## Assigned task
Copy each line below word for word and drop every image.

## Data extract
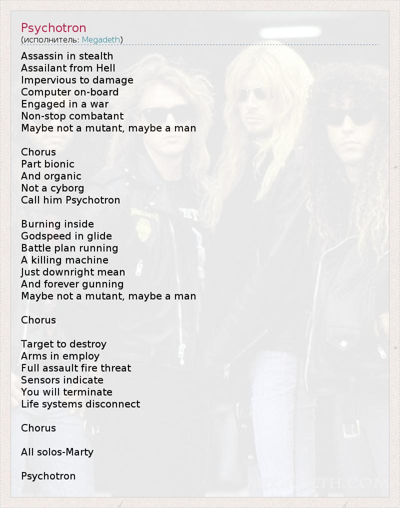 Это интересно:Группа "большой четверки трэш-метала" Megadeth, основанная и удерживающая свою высокую позицию благодаря солисту, фронтмену, автору слов и музыки Дэйву Мастейну (Dave Mustaine). В одних только Соединенных Штатах группа получила четыре платиновых, шесть золотых альбомов и семь номинаций на премию «Грэмми» как лучший исполнитель музыки в жанре хэви-метал.История... продолжение
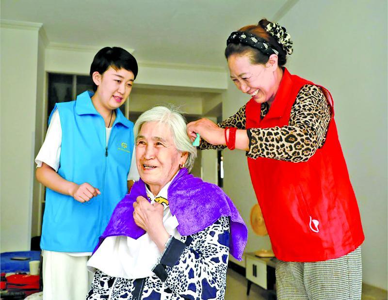初冬的午后,在環(huán)縣康潤嘉園小區(qū)83歲老人王桂花家,仁愛社會工作服務(wù)中心的志愿者慕小蘭和王莉一邊為老人理發(fā),一邊陪老人聊天?!斑@些孩子很貼心,上個(gè)月我頭暈下不了床,小王連夜給我送來了藥,還叮囑我注意用藥劑量?!?/p>
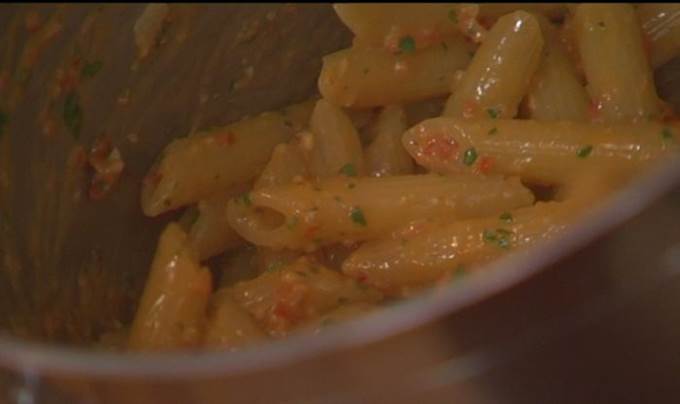 В горячие макароны добавить 2 ст. ложки красного песто, перемешать, влить пару столовых ложек воды, в которой варились макароны, и еще раз перемешать.

## Written solution
 Это интересно:Группа "большой четверки трэш-метала" Megadeth, основанная и удерживающая свою высокую позицию благодаря солисту, фронтмену, автору слов и музыки Дэйву Мастейну (Dave Mustaine). В одних только Соединенных Штатах группа получила четыре платиновых, шесть золотых альбомов и семь номинаций на премию «Грэмми» как лучший исполнитель музыки в жанре хэви-метал.История... продолжение
初冬的午后,在環(huán)縣康潤嘉園小區(qū)83歲老人王桂花家,仁愛社會工作服務(wù)中心的志愿者慕小蘭和王莉一邊為老人理發(fā),一邊陪老人聊天?!斑@些孩子很貼心,上個(gè)月我頭暈下不了床,小王連夜給我送來了藥,還叮囑我注意用藥劑量?!?/p>
 В горячие макароны добавить 2 ст. ложки красного песто, перемешать, влить пару столовых ложек воды, в которой варились макароны, и еще раз перемешать.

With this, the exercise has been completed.